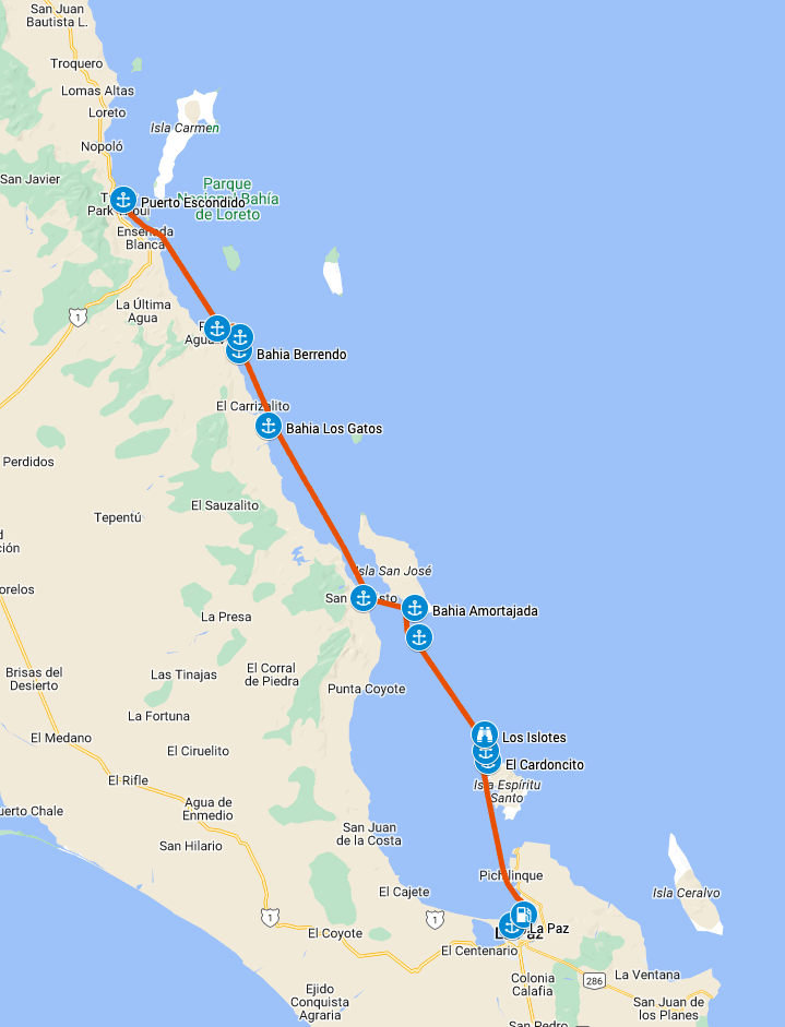 After a hot, buggy weekend in La Paz, the Perception crew was eager to be heading north once more. We pulled our anchor out of the soup, glad to be done “waltzing” for a while. We’d been dreaming of getting up into the islands and bays north of La Paz ever since starting our trip south from Bellingham. All of us had enjoyed our 2020 charter trip to the area and we were excited to visit in our own boat on a more restful schedule.
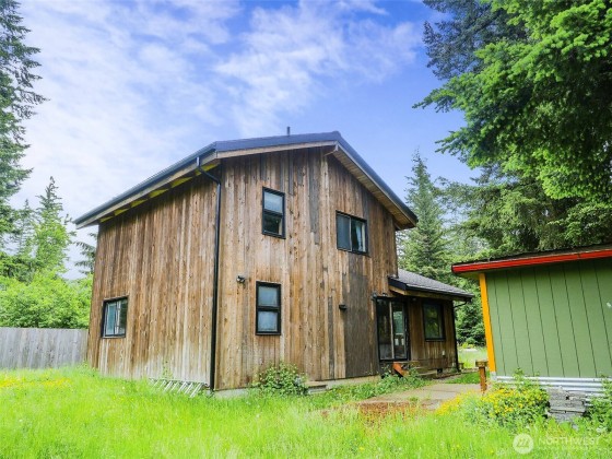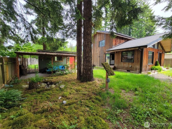 Short Sale - Stunning designer home on a huge 15,600 sq ft fenced lot! This home features a bright open floor plan, vaulted ceilings, massive windows, and a remodeled kitchen and baths. Main-level primary suite with ensuite, plus a cozy gas stove for cool nights. Upstairs offers a spacious family room, 2 bedrooms, and a full bath. Enjoy total privacy, mature landscaping, and a charming mini shop—perfect for an office or art studio. Tons of parking for RVs, boats & toys, plus power stations for RV or EV charging. Style, space & upgrades galore—this rare gem has it all!All offers are subject to lender review.
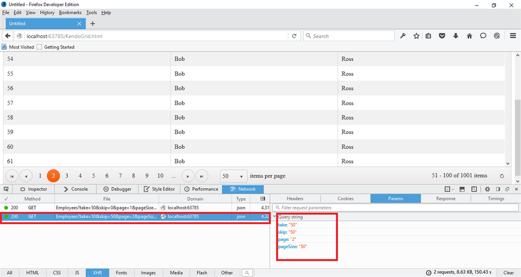 To enable the server paging mention the serverPaging property true in the script. Based on the pageSize the server paging will occur in the kendo grid.
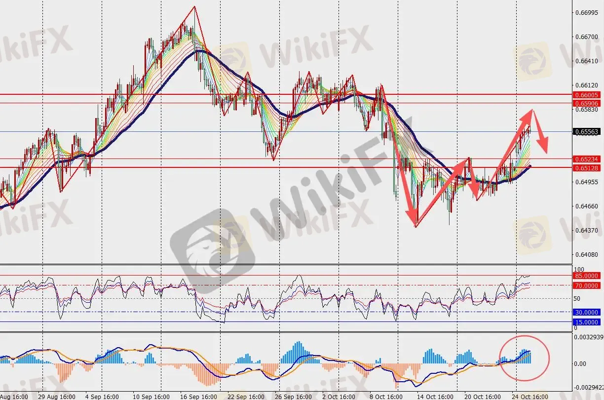技术面:澳元兑美元H4级别震荡反弹,并在48日多空分界线上方运行。然而,MACD双线和量能柱在零轴上方开始缩量。布洛克的言论被市场解读为相对鹰派,推动澳元周一震荡上行。
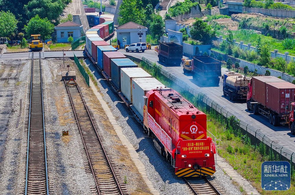 5月29日,首列連云港-阿拉木圖“滾裝+班列”跨境多式聯(lián)運(yùn)專列從在中哈連云港物流合作基地駛出(無人機(jī)照片)。新華社發(fā)(王健民 攝)
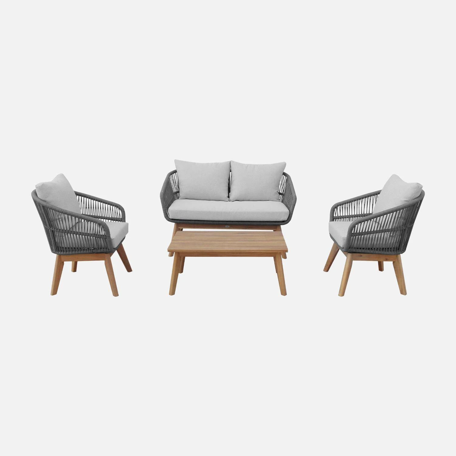 ComposĂ© d’un canapĂ©, de deux fauteuils et d’une table basse, le salon de jardin Rosario accueille confortablement 4 personnes. FabriquĂ© Ă partir de corde et de bois dans des tons naturels, il a un style rĂ©solument scandinave et est conçu avec des matĂ©riaux qui se combinent parfaitement. Ses pieds obliques lui donnent en plus un petit cĂ´tĂ© rĂ©tro. ElĂ©gant, ce salon de jardin trouve sa place Ă l’intĂ©rieur comme Ă l’extĂ©rieur.
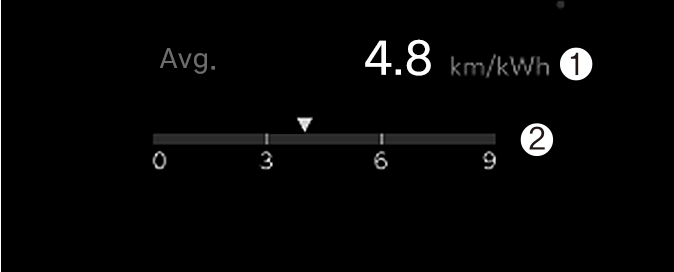 Prikazuje trenutnu ekonomiju električne energije u poslednjih nekoliko sekundi kada je brzina vozila veća od približno 10 km/h (6 mph).
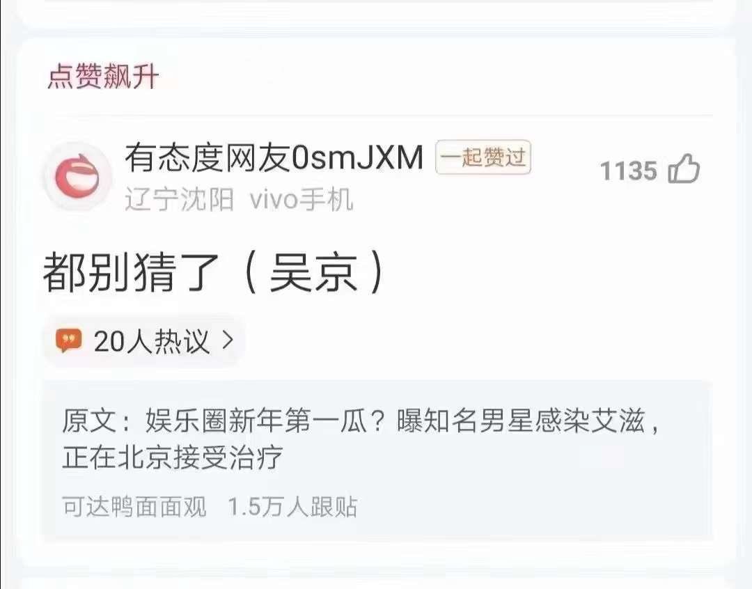 网传吴京感染艾滋👇莫非战狼原来是色狼🤔
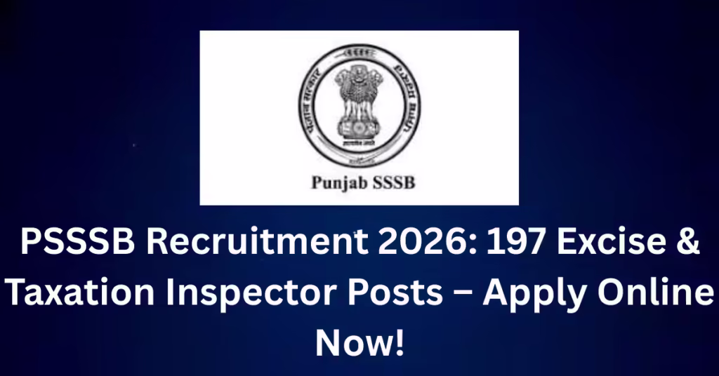 Overview The Punjab Subordinate Service Selection Board (PSSSB) has announced recruitment for 197 Excise and Taxation Inspector positions. This is
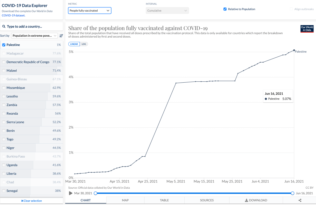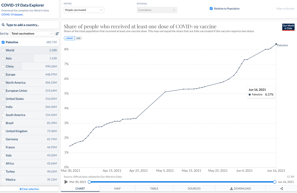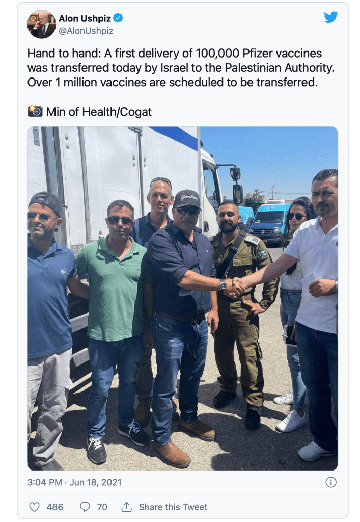 Am vergangenen Freitag, 18.Juni wurde vereinbart, dass bis zu 1.4 Millionen Dosen des Pfizer Impfstoffes nach Ramallah geliefert werden würden. Eine erste Teillieferung von 100.000 Dosen wurde sofort ausgeliefert. Möglich wurde dieser Handel, weil Israel derzeit über viel mehr Impfdosen verfügt, als verimpft werden können. Die den Palästinensern zur Verfügung gestellten Vaccine hätten ein Ablaufdatum zwischen Ende Juni und Ende August.
○ ○ ○ ○ ○ ○ ○
→ **What to do**: Could you reproduce exactly the lines from the one containing "网传吴京感染艾滋👇莫非战狼原来是色狼🤔" through the last line of the records, both included, leaving out the pictures?

→ **Response area**:
 网传吴京感染艾滋👇莫非战狼原来是色狼🤔
 Overview The Punjab Subordinate Service Selection Board (PSSSB) has announced recruitment for 197 Excise and Taxation Inspector positions. This is
 Am vergangenen Freitag, 18.Juni wurde vereinbart, dass bis zu 1.4 Millionen Dosen des Pfizer Impfstoffes nach Ramallah geliefert werden würden. Eine erste Teillieferung von 100.000 Dosen wurde sofort ausgeliefert. Möglich wurde dieser Handel, weil Israel derzeit über viel mehr Impfdosen verfügt, als verimpft werden können. Die den Palästinensern zur Verfügung gestellten Vaccine hätten ein Ablaufdatum zwischen Ende Juni und Ende August.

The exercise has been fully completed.